JurnalLugas.ComBadan Gizi Nasional (BGN) Badan Gizi Nasional kembali menegaskan bahwa anggaran bahan baku untuk Program Makan Bergizi Gratis (MBG) tidak sebesar Rp15.000 per porsi. Klarifikasi ini disampaikan menyusul perbincangan di media sosial yang mempertanyakan komposisi menu Ramadhan dan besaran biaya yang digunakan.

Anggaran MBG Rp8.000–Rp10.000 per Porsi, Ini Penjelasan Resmi BGN

Wakil Kepala BGN Bidang Komunikasi dan Investigasi, Nanik S. Deyang, menegaskan bahwa dana yang dialokasikan khusus untuk bahan makanan telah ditetapkan sesuai kelompok penerima manfaat.

Bacaan Lainnya

“Untuk balita, PAUD, TK hingga SD kelas 1–3, anggaran bahan baku makanan sebesar Rp8.000 per porsi. Sedangkan SD kelas 4 ke atas sampai ibu menyusui sebesar Rp10.000 per porsi,” ujar Nanik di Jakarta, Selasa (24/2/2026).

Penegasan ini sekaligus meluruskan anggapan publik yang menyebut anggaran MBG mencapai Rp13.000 hingga Rp15.000 sepenuhnya digunakan untuk bahan makanan. Menurut Nanik, angka tersebut merupakan total pagu per porsi yang mencakup komponen operasional dan fasilitas pendukung.

Rincian Biaya Operasional Program MBG

BGN menjelaskan bahwa selain bahan baku, terdapat alokasi Rp3.000 per porsi untuk kebutuhan operasional. Anggaran ini digunakan untuk mendukung kelancaran distribusi dan pengelolaan makanan bergizi di lapangan.

Baca Juga  Hidayat Nur Wahid Makan Bergizi Gratis Madrasah Sekolah Keagamaan Pesantren Harus Dapat

Biaya operasional tersebut meliputi:

  • Pembayaran listrik, air, internet, dan gas
  • Insentif relawan Satuan Pelayanan Pemenuhan Gizi (SPPG)
  • Insentif guru yang membantu pembagian MBG
  • Insentif kendaraan operasional
  • Pembayaran BPJS Ketenagakerjaan relawan
  • Insentif kader posyandu untuk distribusi bagi ibu hamil, ibu menyusui, dan balita
  • Pengadaan alat pelindung diri serta perlengkapan kebersihan
  • Bahan bakar kendaraan MBG
  • Operasional kepala SPPG dan tim pelaksana

Dengan demikian, total anggaran bukan semata-mata untuk komposisi makanan di dalam kotak makan, tetapi juga mencakup sistem distribusi dan pengawasan agar program berjalan efektif dan berkelanjutan.

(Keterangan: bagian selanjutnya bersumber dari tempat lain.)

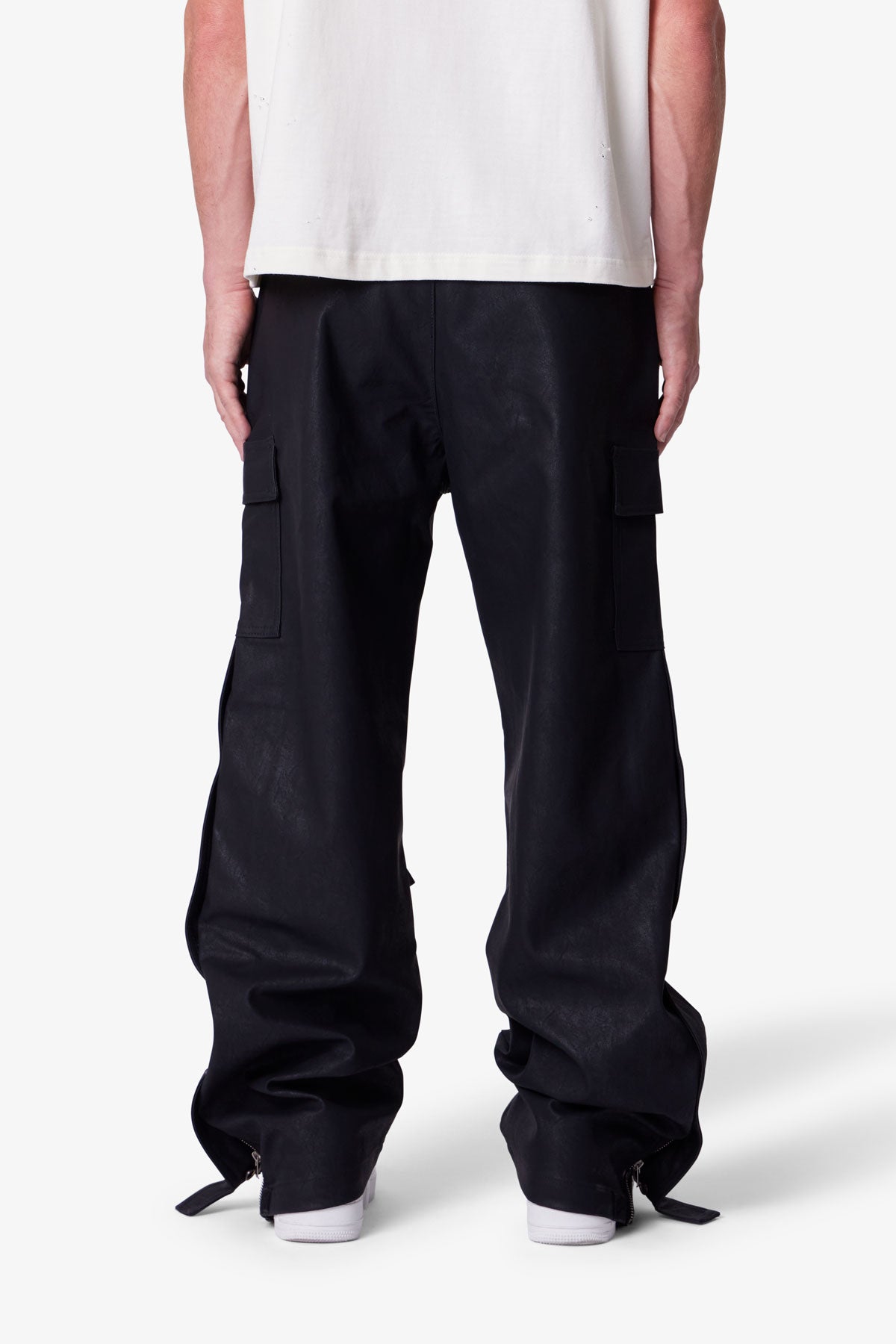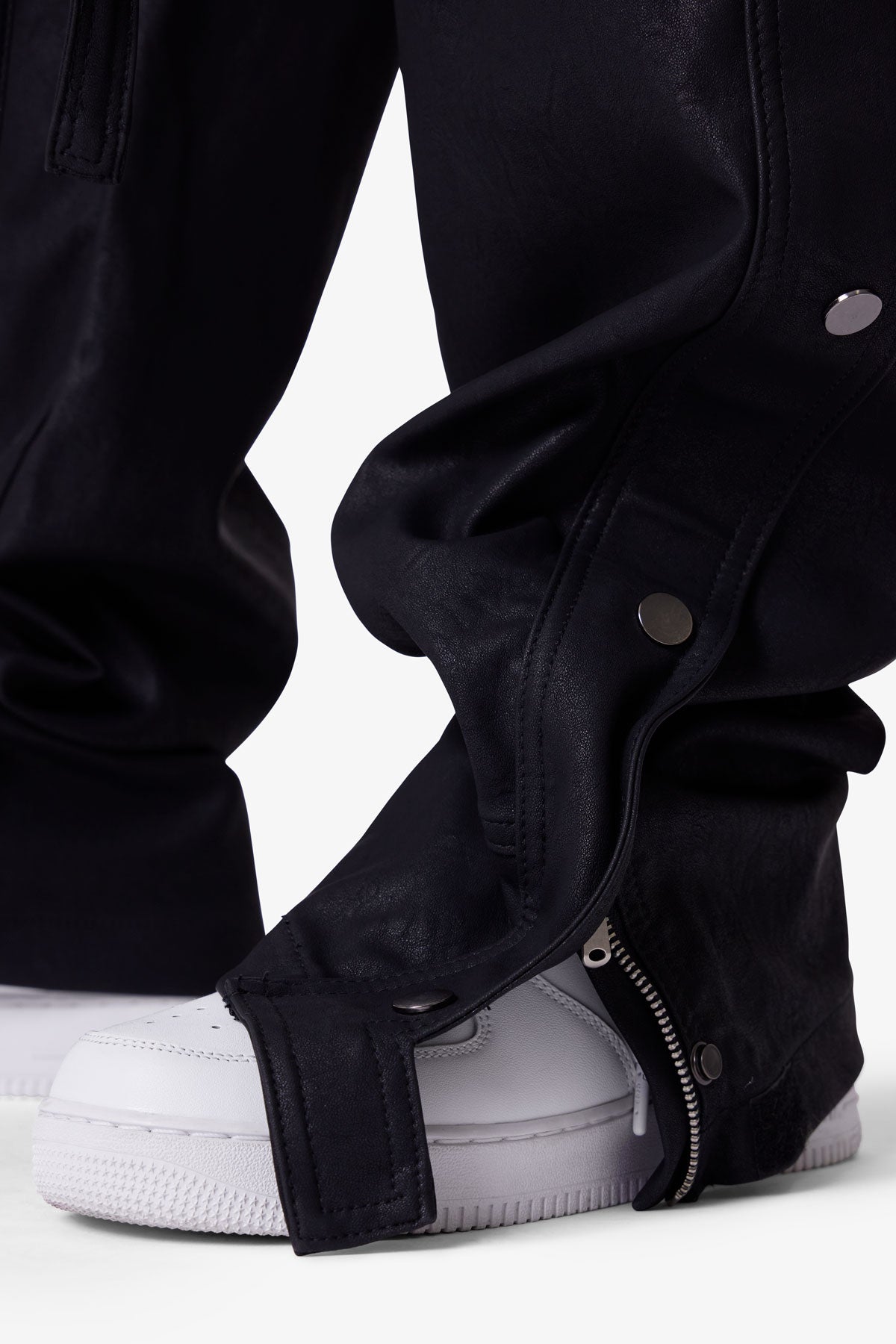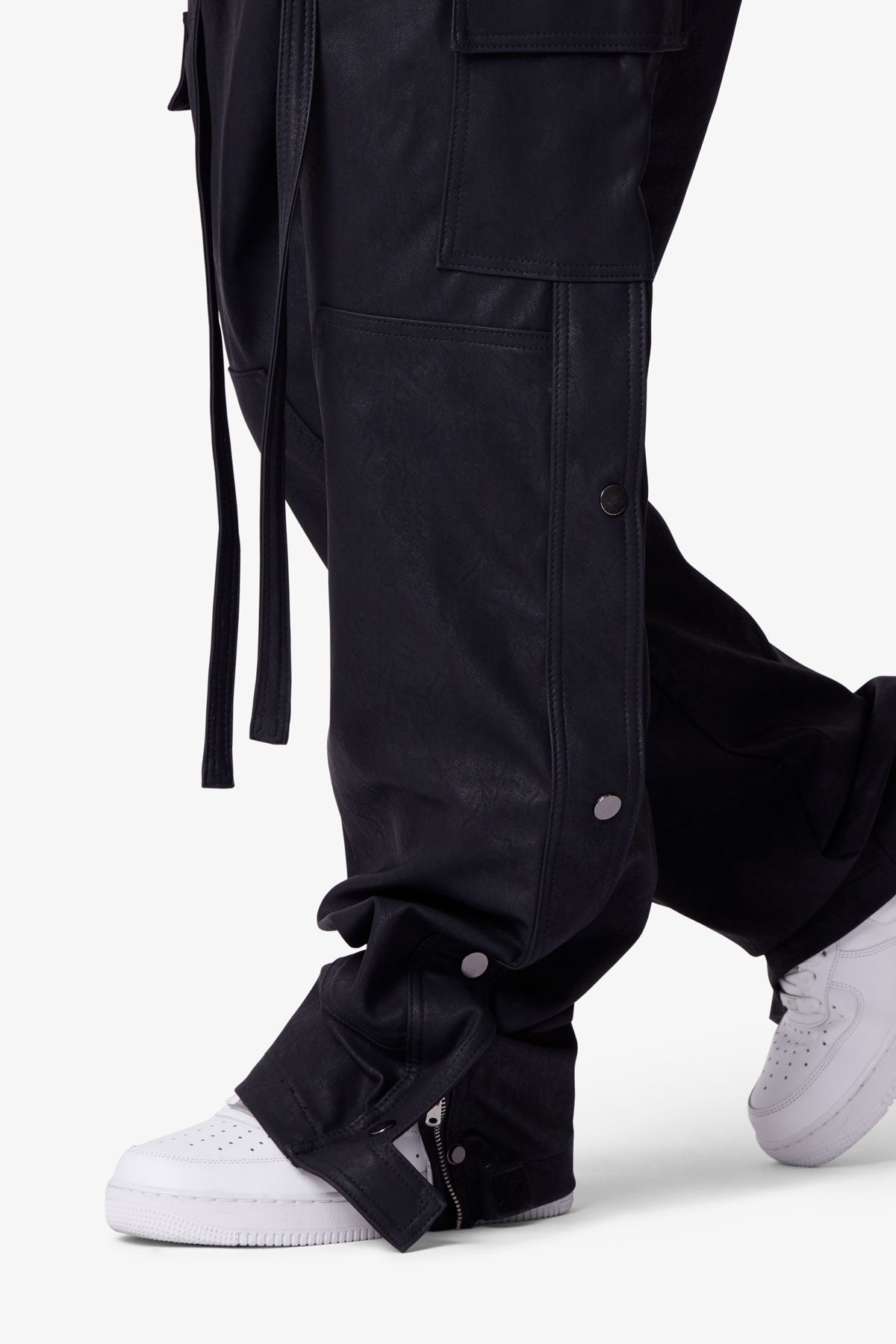 the Ultra Baggy Leather Snap Cargo Pants are designed with an oversized, baggy fit, constructed from a washed synthetic leather fabric, hidden snap closures on the cargo pockets throughout, snap details at the outseam, self fabric integrated belt, and finished with a zipper fly.

Alokasi Fasilitas dan Sewa Infrastruktur

Selain biaya operasional, terdapat tambahan Rp2.000 per porsi yang dikategorikan sebagai insentif fasilitas SPPG. Dana ini dialokasikan untuk:

  • Sewa dapur dan gudang
  • Sewa kamar mess petugas
  • Pembangunan Instalasi Pengolahan Air Limbah (IPAL)
  • Sistem filterisasi air
  • Sewa peralatan masak modern seperti penanak nasi, kompor, kulkas, pendingin bahan baku, panci, hingga ompreng

Dalam petunjuk teknis BGN, alokasi Rp2.000 per porsi tersebut setara dengan insentif fasilitas sekitar Rp6 juta per hari, dengan asumsi satu SPPG melayani 3.000 penerima manfaat.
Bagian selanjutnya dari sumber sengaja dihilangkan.